Extracted records
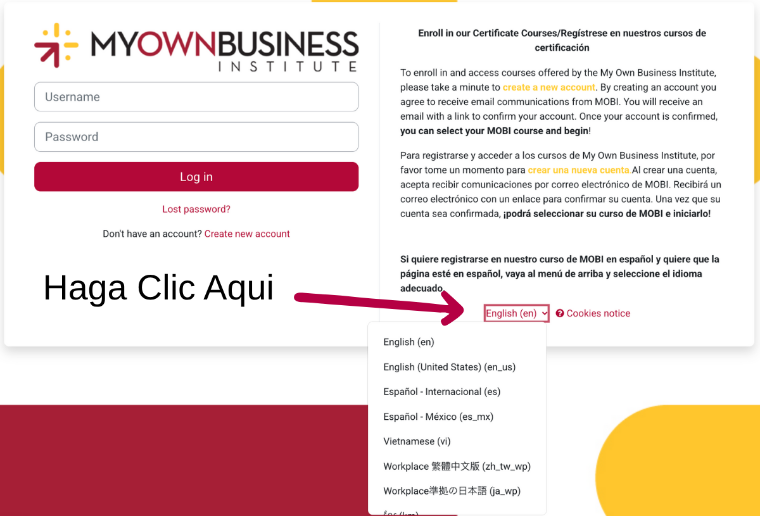 Si prefiere ver el formulario de creación de cuenta en otro idioma, debe cambiar su preferencia de idioma antes de hacer clic en “Crear mi cuenta nueva”. Esta es la página que aparece cuando usted selecciona “Inscríbase ahora” o “El Login de los Cursos” desde la página principal de MOBI. (Vea la imagen a continuación). Haga clic en “English (en)” en la esquina inferior derecha de la pantalla. Aparecerá un menú desplegable donde podrá seleccionar el idioma que usted prefiera. Las instrucciones en esta pantalla se actualizarán al idioma seleccionado, al igual que las páginas siguientes dentro de este sistema de aprendizaje. Por lo tanto, si usted hace clic en “Comience ahora creando una cuenta nueva” después de elegir un idioma, la página para crear la cuenta mostrará los campos en el idioma que ha elegido.
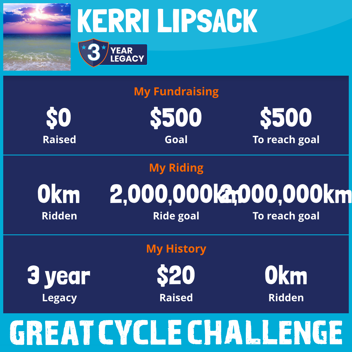 I am riding 2,000,000 km in memory of my mum, norma lipsack. Please sponsor me and support my challenge to fight kids' cancer and save little lives.
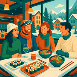 * Jetzt kann Peter das Abendessen mit seinen Freunden im DECA+BOL Vail genießen!
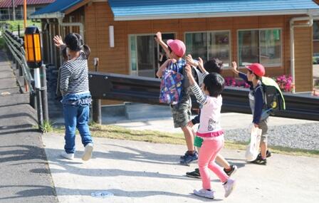 生達の熱烈な見送りに、5・6年生達はきっと元気をもらったことと思い
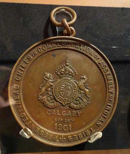 | Keywords: Medal commemorating visit of Duke and Duchess of Cornwall (later King George V and Queen Mary) to Siksika peoples near Calgary, 1901, view 1 - Glenbow Museum - DSC01090.JPG en Exhibit in the Glenbow Museum 130 9th Ave S E Calgary Alberta Canada This work is old enough so that it is in the public domain Photography was permitted in the museum without restriction 2013-09-21 12 52 48 own Daderot cc-zero Uploaded with UploadWizard Indigenous cultures in the Glenbow Museum Siksika Nation George V of the United Kingdom on medals |
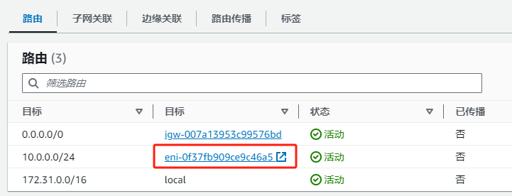我们在该VPC默认路由表里手动创建一条静态路由:
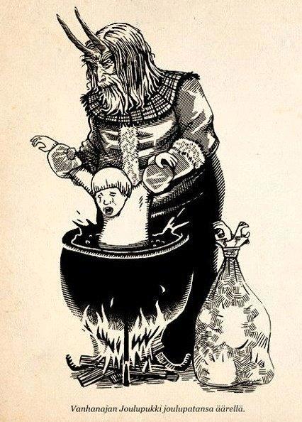 Финская надпись гласит: «Старый добрый Йолупукки у своего рождественского котла»… Ну что, у кого поднимется рука написать под рисунком «Финский дедушка Мороз, он подарки нам принес, в мешке…» А в мешке-то не подарки, а живые дети…
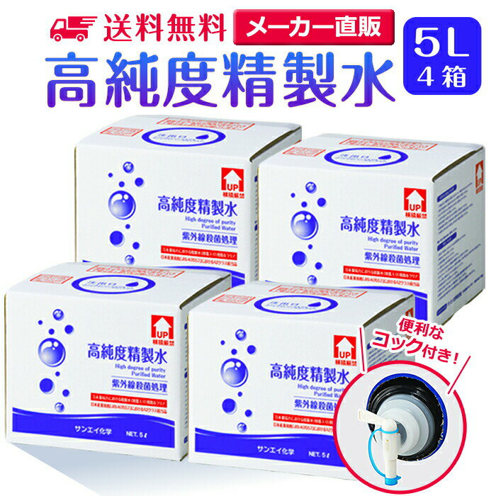 サンエイ化学の高純度精製水は日本薬局方(JP)および日本産業規格(JIS)におけるA2クラスの規格をクリアした製品です。呼吸器や減菌器などの医療用、美顔器や加湿器などの蒸気用水に最適。サンエイ化学 精製水 高純度精製水 5L×4箱セット コック付き 大容量 | 5リットル 無呼吸 無呼吸症候群 CPAP CPAP用 シーパップ 加湿器 アロマ スキンケア 除菌スプレー 除菌水 純水 蒸留水 イオン交換水 超純水 せいせいすい 鼻うがい ナノケア スチーマー 化粧水 日本製
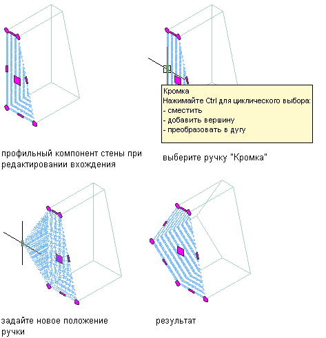 Добавление вершины к кромке контекстного редактирования профильного компонента стены
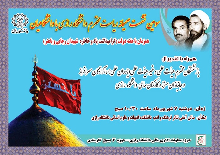 سومین نشست صمیمانه ریاست محترم دانشگاه با خانواده بزرگ دانشگاه رازی در روز دوشنبه مورخ ۷ شهریور ماه 1401 ساعت 10:30 صبح در سالن آمفی تئاتر فرهنگ و ادب دانشکده ادبیات و علوم انسانی برگزار می گردد.
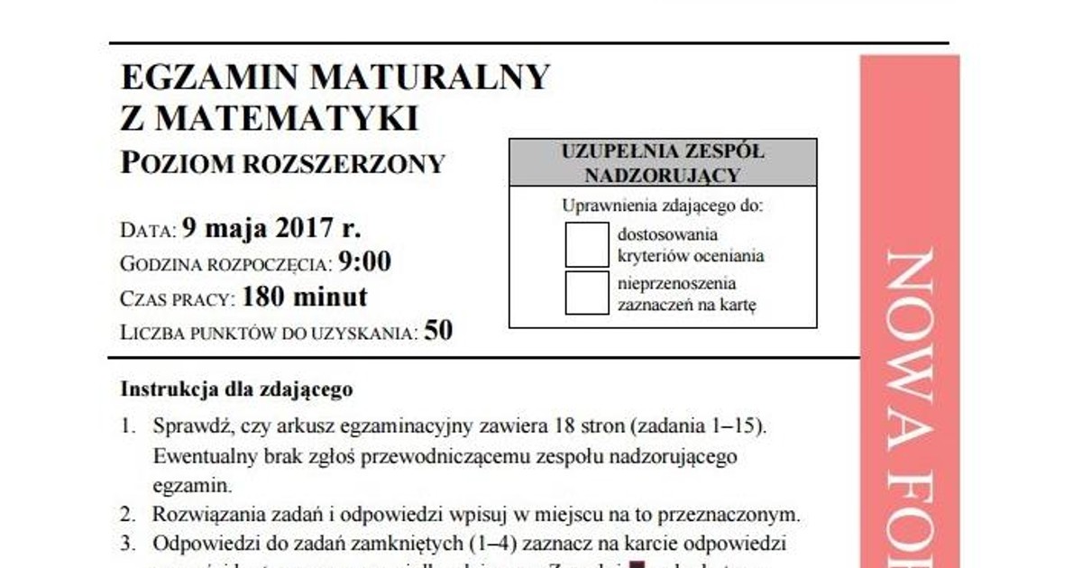 50 formuła od 2015 nowa matura. Zobacz rozwiązania zadań do arkusza, który podała centralna. Maturzyści zmierzyli się z królową nauk, czyli matematyką. W poniedziałek 15 czerwca odbyła się matura z matematyki na poziomie rozszerzonym. W tym artykule, po zakończonej maturze z matematyki na poziomie rozszerzonym znajdziecie arkusze i odpowiedzi.
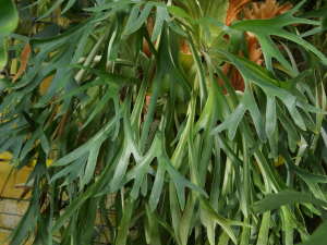一つの株に2種類の葉があるとてもユニークな姿をしています。一方は長い葉が下に垂れてよく目立つ胞子葉と呼ばれるもので、鹿の角のような形をした先端は葉裏にシダと同じように胞子が出来るようになっています。もう一つは外套葉(がいとうよう)、水が蓄えられるので貯水葉とも呼ばれるもので、はじめは青い葉をしていますが、古くなると茶色く枯れてもそのまま落ちずに残ります。これは乾季のある自生地で乾燥に耐えるよう水分や養分が蓄えられるようになっています。![]() 胞子葉 |

ASSIGNED TASK:
Skip the pictures and give the entries above again word for word.

RESULT FOR THIS TASK:
 Si prefiere ver el formulario de creación de cuenta en otro idioma, debe cambiar su preferencia de idioma antes de hacer clic en “Crear mi cuenta nueva”. Esta es la página que aparece cuando usted selecciona “Inscríbase ahora” o “El Login de los Cursos” desde la página principal de MOBI. (Vea la imagen a continuación). Haga clic en “English (en)” en la esquina inferior derecha de la pantalla. Aparecerá un menú desplegable donde podrá seleccionar el idioma que usted prefiera. Las instrucciones en esta pantalla se actualizarán al idioma seleccionado, al igual que las páginas siguientes dentro de este sistema de aprendizaje. Por lo tanto, si usted hace clic en “Comience ahora creando una cuenta nueva” después de elegir un idioma, la página para crear la cuenta mostrará los campos en el idioma que ha elegido.
 I am riding 2,000,000 km in memory of my mum, norma lipsack. Please sponsor me and support my challenge to fight kids' cancer and save little lives.
 * Jetzt kann Peter das Abendessen mit seinen Freunden im DECA+BOL Vail genießen!
 生達の熱烈な見送りに、5・6年生達はきっと元気をもらったことと思い
 | Keywords: Medal commemorating visit of Duke and Duchess of Cornwall (later King George V and Queen Mary) to Siksika peoples near Calgary, 1901, view 1 - Glenbow Museum - DSC01090.JPG en Exhibit in the Glenbow Museum 130 9th Ave S E Calgary Alberta Canada This work is old enough so that it is in the public domain Photography was permitted in the museum without restriction 2013-09-21 12 52 48 own Daderot cc-zero Uploaded with UploadWizard Indigenous cultures in the Glenbow Museum Siksika Nation George V of the United Kingdom on medals |
我们在该VPC默认路由表里手动创建一条静态路由:
 Финская надпись гласит: «Старый добрый Йолупукки у своего рождественского котла»… Ну что, у кого поднимется рука написать под рисунком «Финский дедушка Мороз, он подарки нам принес, в мешке…» А в мешке-то не подарки, а живые дети…
 サンエイ化学の高純度精製水は日本薬局方(JP)および日本産業規格(JIS)におけるA2クラスの規格をクリアした製品です。呼吸器や減菌器などの医療用、美顔器や加湿器などの蒸気用水に最適。サンエイ化学 精製水 高純度精製水 5L×4箱セット コック付き 大容量 | 5リットル 無呼吸 無呼吸症候群 CPAP CPAP用 シーパップ 加湿器 アロマ スキンケア 除菌スプレー 除菌水 純水 蒸留水 イオン交換水 超純水 せいせいすい 鼻うがい ナノケア スチーマー 化粧水 日本製
 Добавление вершины к кромке контекстного редактирования профильного компонента стены
 سومین نشست صمیمانه ریاست محترم دانشگاه با خانواده بزرگ دانشگاه رازی در روز دوشنبه مورخ ۷ شهریور ماه 1401 ساعت 10:30 صبح در سالن آمفی تئاتر فرهنگ و ادب دانشکده ادبیات و علوم انسانی برگزار می گردد.
 50 formuła od 2015 nowa matura. Zobacz rozwiązania zadań do arkusza, który podała centralna. Maturzyści zmierzyli się z królową nauk, czyli matematyką. W poniedziałek 15 czerwca odbyła się matura z matematyki na poziomie rozszerzonym. W tym artykule, po zakończonej maturze z matematyki na poziomie rozszerzonym znajdziecie arkusze i odpowiedzi.
一つの株に2種類の葉があるとてもユニークな姿をしています。一方は長い葉が下に垂れてよく目立つ胞子葉と呼ばれるもので、鹿の角のような形をした先端は葉裏にシダと同じように胞子が出来るようになっています。もう一つは外套葉(がいとうよう)、水が蓄えられるので貯水葉とも呼ばれるもので、はじめは青い葉をしていますが、古くなると茶色く枯れてもそのまま落ちずに残ります。これは乾季のある自生地で乾燥に耐えるよう水分や養分が蓄えられるようになっています。![]() 胞子葉 |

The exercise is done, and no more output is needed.